Apart from the pictures, every part of the records below gets retyped exactly.

(Records from a data source)
☆ ☆ ☆ ☆ ☆ ☆ ☆

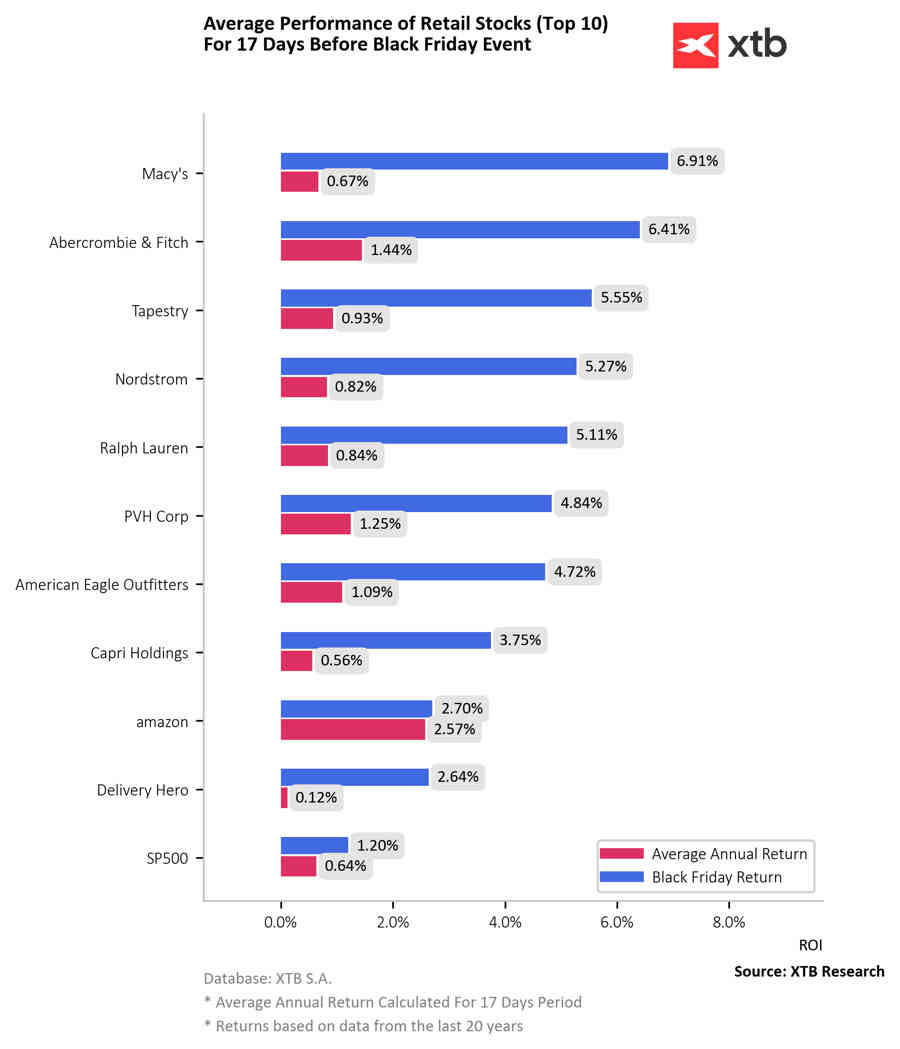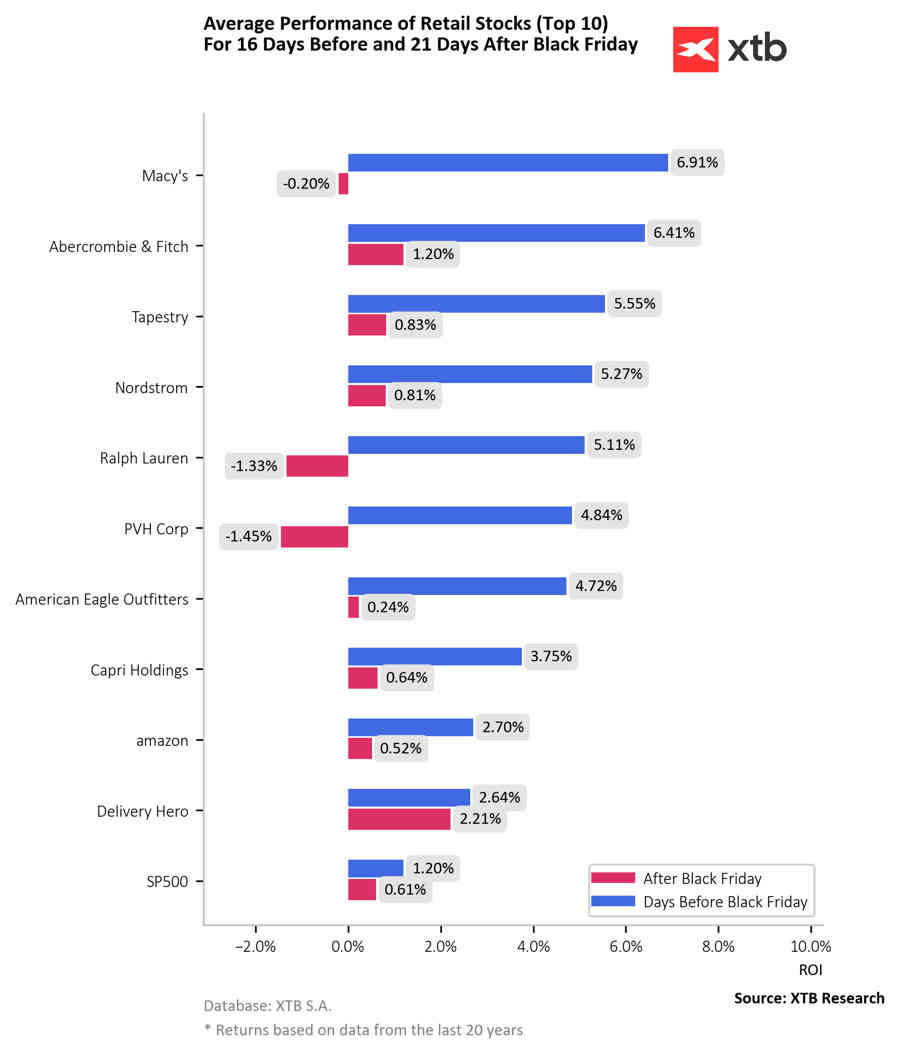 Durante los últimos 20 años, las acciones del sector minorista han superado consistentemente el rendimiento del principal índice bursátil, especialmente en los 17 días previos al Black Friday. Los modelos de negocio de minoristas como Macy’s o Tapestry Inc. hacen que se beneficien más de una buena temporada de ventas en el cuarto trimestre que del propio evento de un solo día. Sin embargo, el Black Friday sigue marcando un límite estacional clave.
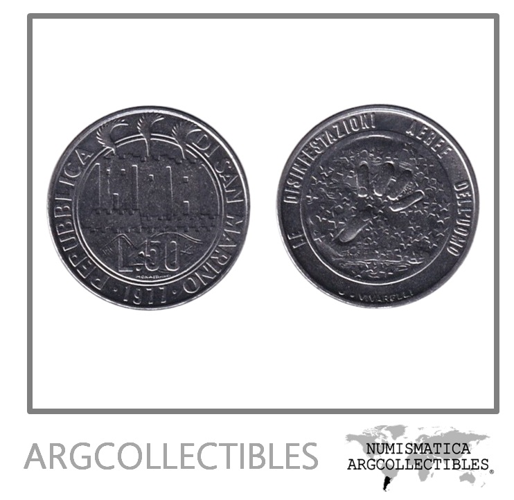 San Marino Moneda 50 Liras 1977 Acero KM-68 UNC
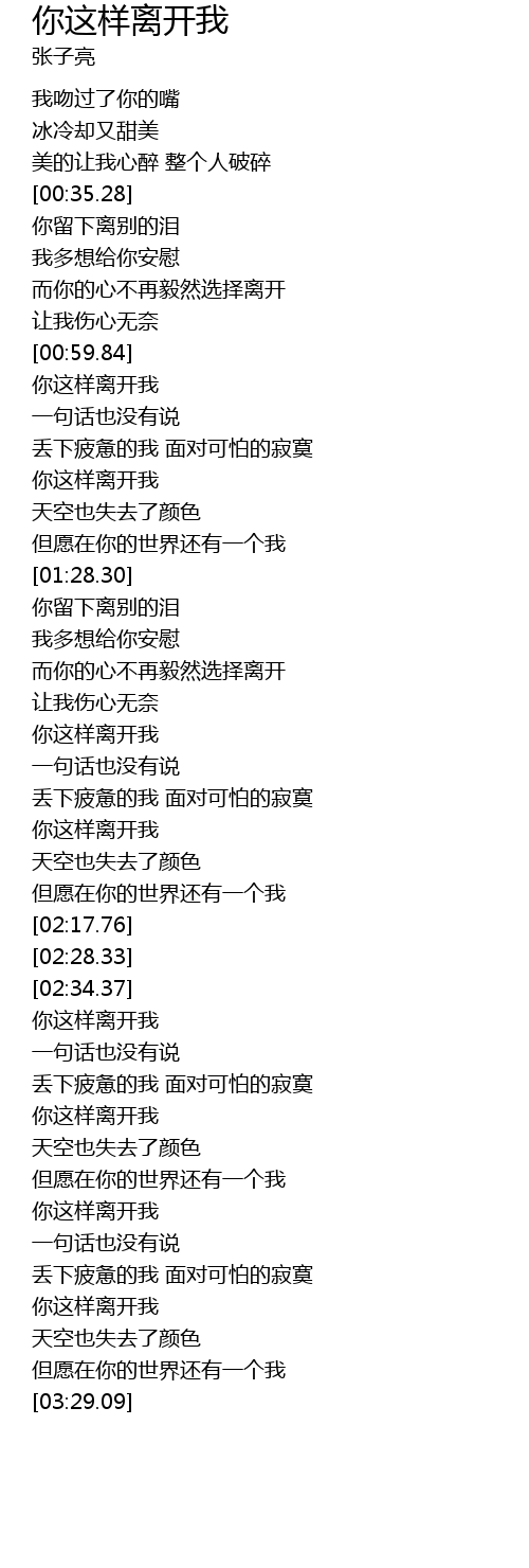 | [03:03.59] | nǐ zhè yàng lí kāi wǒ |
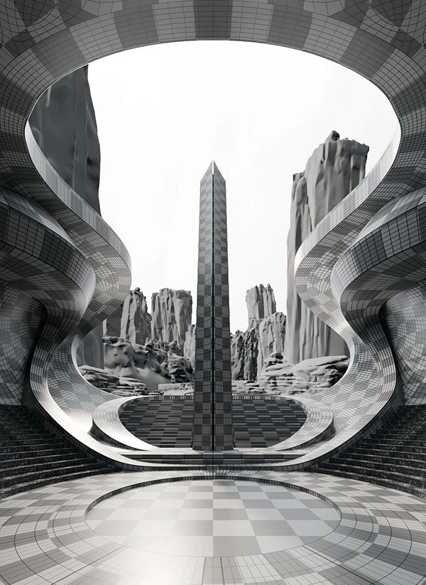 - Corona Renderer 渲染:用 Corona Renderer 渲染水泥的粗糙肌理、金属方尖碑的反光质感,模拟自然光影的层次;
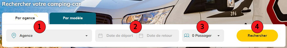 Une fois votre recherche effectuée, vous vous arriverez sur la page des résultats de votre recherche où vous trouverez les véhicules (camping-cars, vans et fourgons aménagés) disponibles pour vos critères (agence, dates, nombre de passagers).

☆ ☆ ☆ ☆ ☆ ☆ ☆

Solution for this exercise:
 Durante los últimos 20 años, las acciones del sector minorista han superado consistentemente el rendimiento del principal índice bursátil, especialmente en los 17 días previos al Black Friday. Los modelos de negocio de minoristas como Macy’s o Tapestry Inc. hacen que se beneficien más de una buena temporada de ventas en el cuarto trimestre que del propio evento de un solo día. Sin embargo, el Black Friday sigue marcando un límite estacional clave.
 San Marino Moneda 50 Liras 1977 Acero KM-68 UNC
 | [03:03.59] | nǐ zhè yàng lí kāi wǒ |
 - Corona Renderer 渲染:用 Corona Renderer 渲染水泥的粗糙肌理、金属方尖碑的反光质感,模拟自然光影的层次;
 Une fois votre recherche effectuée, vous vous arriverez sur la page des résultats de votre recherche où vous trouverez les véhicules (camping-cars, vans et fourgons aménagés) disponibles pour vos critères (agence, dates, nombre de passagers).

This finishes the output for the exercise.